> Data for this task:
◇ ◇ ◇
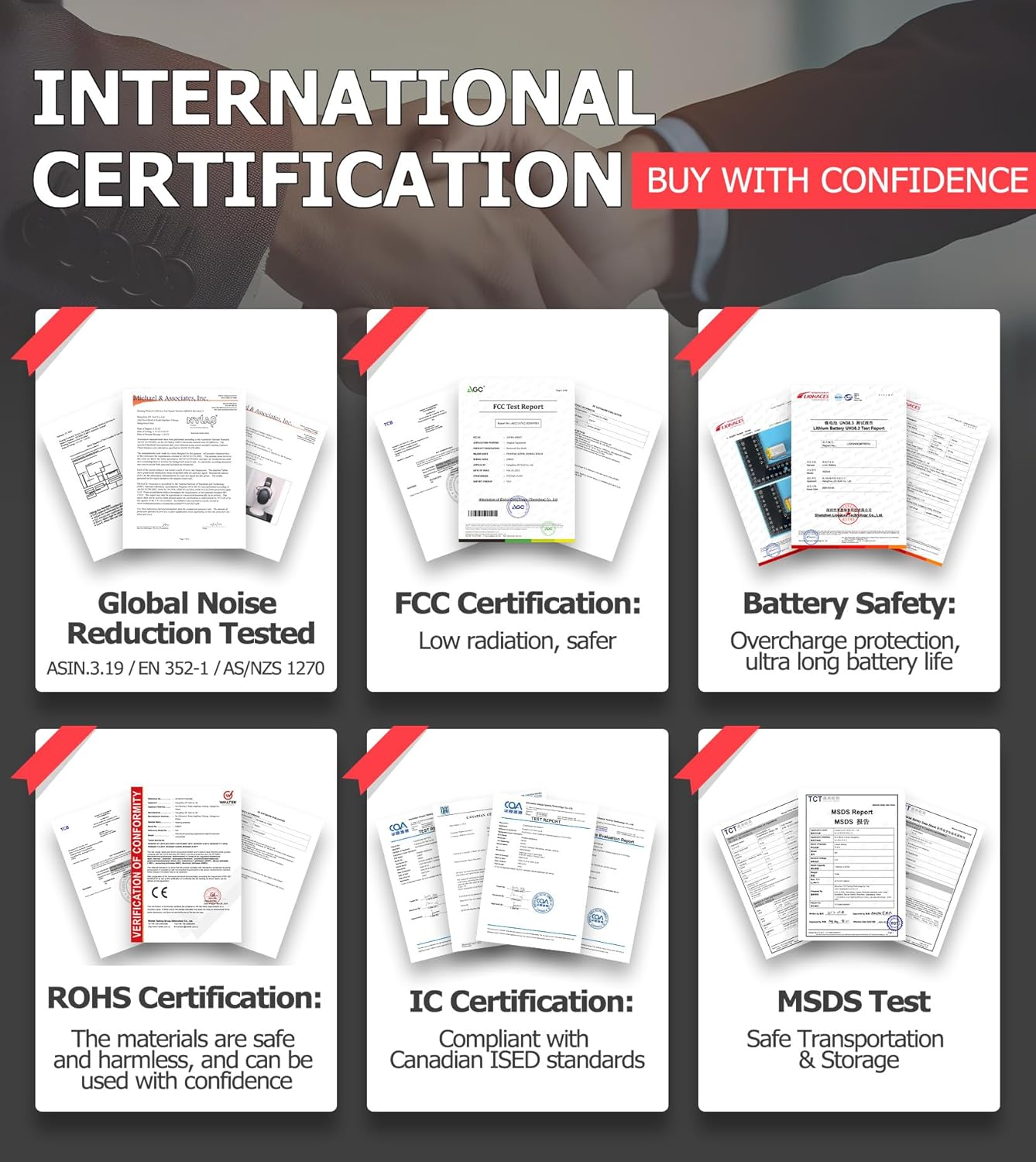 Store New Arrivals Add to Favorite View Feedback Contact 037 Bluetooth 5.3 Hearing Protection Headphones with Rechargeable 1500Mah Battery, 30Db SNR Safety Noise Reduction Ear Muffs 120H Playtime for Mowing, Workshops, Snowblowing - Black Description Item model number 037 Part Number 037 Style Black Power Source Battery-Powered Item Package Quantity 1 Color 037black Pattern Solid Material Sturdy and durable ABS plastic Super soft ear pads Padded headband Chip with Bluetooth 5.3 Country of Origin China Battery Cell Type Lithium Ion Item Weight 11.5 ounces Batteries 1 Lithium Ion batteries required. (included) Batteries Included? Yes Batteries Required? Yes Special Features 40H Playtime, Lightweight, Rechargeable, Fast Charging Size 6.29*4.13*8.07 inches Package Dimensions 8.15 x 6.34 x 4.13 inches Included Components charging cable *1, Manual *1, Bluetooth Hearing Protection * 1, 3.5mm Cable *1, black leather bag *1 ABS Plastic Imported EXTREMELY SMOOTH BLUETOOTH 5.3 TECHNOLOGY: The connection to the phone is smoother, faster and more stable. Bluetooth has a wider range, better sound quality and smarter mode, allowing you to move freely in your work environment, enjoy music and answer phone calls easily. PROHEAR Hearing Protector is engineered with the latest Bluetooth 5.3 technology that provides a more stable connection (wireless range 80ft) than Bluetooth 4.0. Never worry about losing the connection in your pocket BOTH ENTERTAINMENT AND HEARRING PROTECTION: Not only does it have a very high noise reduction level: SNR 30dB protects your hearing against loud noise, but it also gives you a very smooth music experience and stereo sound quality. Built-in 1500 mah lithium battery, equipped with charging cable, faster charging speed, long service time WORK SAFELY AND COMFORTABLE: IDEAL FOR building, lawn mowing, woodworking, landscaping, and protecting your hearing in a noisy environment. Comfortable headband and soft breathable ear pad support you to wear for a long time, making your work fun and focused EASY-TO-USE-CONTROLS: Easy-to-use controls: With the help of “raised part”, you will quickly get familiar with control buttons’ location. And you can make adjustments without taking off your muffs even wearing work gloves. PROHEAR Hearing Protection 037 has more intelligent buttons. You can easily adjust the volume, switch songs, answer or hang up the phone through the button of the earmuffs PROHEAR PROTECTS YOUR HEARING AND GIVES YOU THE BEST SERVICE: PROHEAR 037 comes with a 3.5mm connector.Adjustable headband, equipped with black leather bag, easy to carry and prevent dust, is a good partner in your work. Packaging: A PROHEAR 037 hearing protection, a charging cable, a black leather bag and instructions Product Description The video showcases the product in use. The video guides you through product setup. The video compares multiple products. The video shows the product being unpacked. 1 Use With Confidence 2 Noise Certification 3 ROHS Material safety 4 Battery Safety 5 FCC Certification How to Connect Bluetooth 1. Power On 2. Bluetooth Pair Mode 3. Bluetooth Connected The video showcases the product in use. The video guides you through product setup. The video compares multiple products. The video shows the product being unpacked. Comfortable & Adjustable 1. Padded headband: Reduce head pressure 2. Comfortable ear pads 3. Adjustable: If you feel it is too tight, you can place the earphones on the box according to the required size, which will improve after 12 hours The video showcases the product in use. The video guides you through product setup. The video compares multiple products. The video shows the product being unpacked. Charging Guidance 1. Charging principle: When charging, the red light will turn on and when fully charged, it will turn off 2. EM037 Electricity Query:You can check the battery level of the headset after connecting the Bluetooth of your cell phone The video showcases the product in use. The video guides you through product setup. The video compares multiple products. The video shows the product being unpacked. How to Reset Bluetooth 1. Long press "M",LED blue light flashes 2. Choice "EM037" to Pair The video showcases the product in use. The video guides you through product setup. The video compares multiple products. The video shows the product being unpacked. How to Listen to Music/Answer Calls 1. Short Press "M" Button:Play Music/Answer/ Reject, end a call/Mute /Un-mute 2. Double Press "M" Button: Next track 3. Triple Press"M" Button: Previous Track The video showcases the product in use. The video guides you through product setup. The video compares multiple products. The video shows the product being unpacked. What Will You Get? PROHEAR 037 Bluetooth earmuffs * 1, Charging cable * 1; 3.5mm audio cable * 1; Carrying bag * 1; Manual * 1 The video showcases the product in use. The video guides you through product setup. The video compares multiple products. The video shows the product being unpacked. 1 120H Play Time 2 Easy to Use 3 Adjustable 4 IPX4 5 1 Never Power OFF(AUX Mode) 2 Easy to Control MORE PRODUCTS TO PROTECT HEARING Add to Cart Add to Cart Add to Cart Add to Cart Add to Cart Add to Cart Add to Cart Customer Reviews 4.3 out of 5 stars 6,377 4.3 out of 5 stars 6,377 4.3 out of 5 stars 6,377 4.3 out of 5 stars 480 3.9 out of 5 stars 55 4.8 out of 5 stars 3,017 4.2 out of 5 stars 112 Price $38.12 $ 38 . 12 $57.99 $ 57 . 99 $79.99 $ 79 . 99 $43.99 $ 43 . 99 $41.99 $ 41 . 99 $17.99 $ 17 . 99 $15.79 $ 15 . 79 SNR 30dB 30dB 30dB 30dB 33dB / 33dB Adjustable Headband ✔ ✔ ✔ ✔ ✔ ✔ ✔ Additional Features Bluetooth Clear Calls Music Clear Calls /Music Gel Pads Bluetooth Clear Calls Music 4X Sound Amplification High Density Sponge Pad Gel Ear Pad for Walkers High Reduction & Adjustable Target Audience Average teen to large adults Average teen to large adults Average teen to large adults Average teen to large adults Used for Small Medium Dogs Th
◇ ◇ ◇
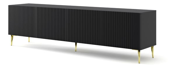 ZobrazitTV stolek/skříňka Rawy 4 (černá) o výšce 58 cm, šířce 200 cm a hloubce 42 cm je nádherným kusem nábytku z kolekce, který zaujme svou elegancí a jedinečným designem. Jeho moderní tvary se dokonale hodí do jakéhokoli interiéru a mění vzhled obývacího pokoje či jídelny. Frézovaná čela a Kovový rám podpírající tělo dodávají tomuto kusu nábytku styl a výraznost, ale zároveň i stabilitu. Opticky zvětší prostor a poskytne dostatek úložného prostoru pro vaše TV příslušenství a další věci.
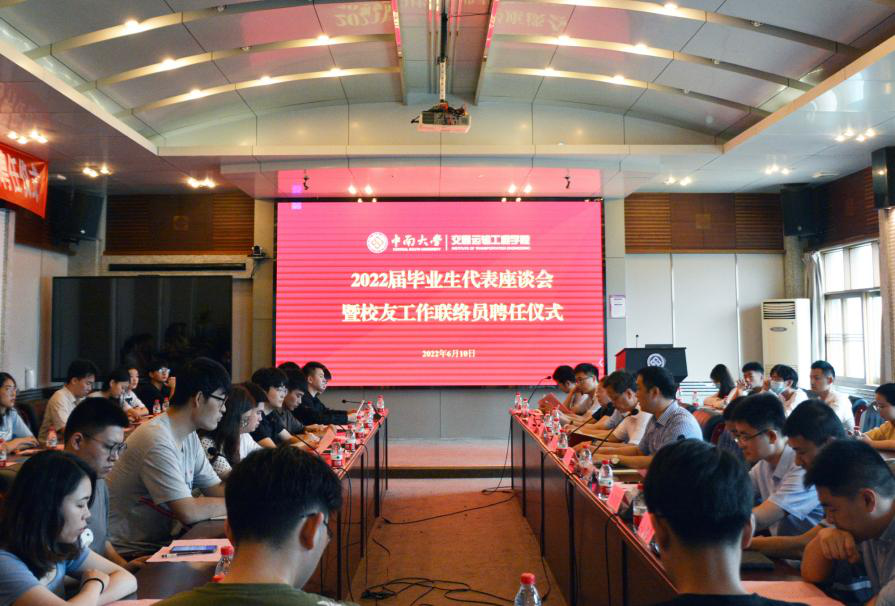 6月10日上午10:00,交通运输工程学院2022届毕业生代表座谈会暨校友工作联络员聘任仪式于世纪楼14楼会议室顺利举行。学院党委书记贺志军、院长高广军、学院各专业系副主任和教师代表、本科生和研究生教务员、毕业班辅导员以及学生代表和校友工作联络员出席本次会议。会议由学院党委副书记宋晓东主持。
◇ ◇ ◇
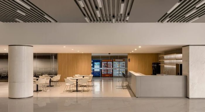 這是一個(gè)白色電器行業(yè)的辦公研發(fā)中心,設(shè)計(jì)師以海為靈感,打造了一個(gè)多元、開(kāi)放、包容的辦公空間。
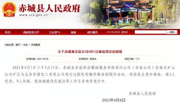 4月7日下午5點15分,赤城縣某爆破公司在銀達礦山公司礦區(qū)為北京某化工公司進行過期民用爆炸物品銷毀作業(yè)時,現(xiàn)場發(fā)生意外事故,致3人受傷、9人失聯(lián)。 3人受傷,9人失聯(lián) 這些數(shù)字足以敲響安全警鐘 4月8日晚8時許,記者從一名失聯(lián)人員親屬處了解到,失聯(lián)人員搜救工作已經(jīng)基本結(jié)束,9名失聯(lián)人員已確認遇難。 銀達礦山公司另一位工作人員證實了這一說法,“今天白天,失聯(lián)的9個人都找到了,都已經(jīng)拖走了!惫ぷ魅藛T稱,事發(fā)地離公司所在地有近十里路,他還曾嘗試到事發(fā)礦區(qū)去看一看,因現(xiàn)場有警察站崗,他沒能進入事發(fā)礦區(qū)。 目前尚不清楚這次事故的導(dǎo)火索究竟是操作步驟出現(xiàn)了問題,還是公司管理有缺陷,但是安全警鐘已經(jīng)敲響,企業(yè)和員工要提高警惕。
◇ ◇ ◇
Starting with the line that has "ZobrazitTV stolek/skříňka Rawy" and ending with the line that has "6月10日上午10:00,交", repeat the lines above exactly, omitting every picture.

> Solution for this problem:
 ZobrazitTV stolek/skříňka Rawy 4 (černá) o výšce 58 cm, šířce 200 cm a hloubce 42 cm je nádherným kusem nábytku z kolekce, který zaujme svou elegancí a jedinečným designem. Jeho moderní tvary se dokonale hodí do jakéhokoli interiéru a mění vzhled obývacího pokoje či jídelny. Frézovaná čela a Kovový rám podpírající tělo dodávají tomuto kusu nábytku styl a výraznost, ale zároveň i stabilitu. Opticky zvětší prostor a poskytne dostatek úložného prostoru pro vaše TV příslušenství a další věci.
 6月10日上午10:00,交通运输工程学院2022届毕业生代表座谈会暨校友工作联络员聘任仪式于世纪楼14楼会议室顺利举行。学院党委书记贺志军、院长高广军、学院各专业系副主任和教师代表、本科生和研究生教务员、毕业班辅导员以及学生代表和校友工作联络员出席本次会议。会议由学院党委副书记宋晓东主持。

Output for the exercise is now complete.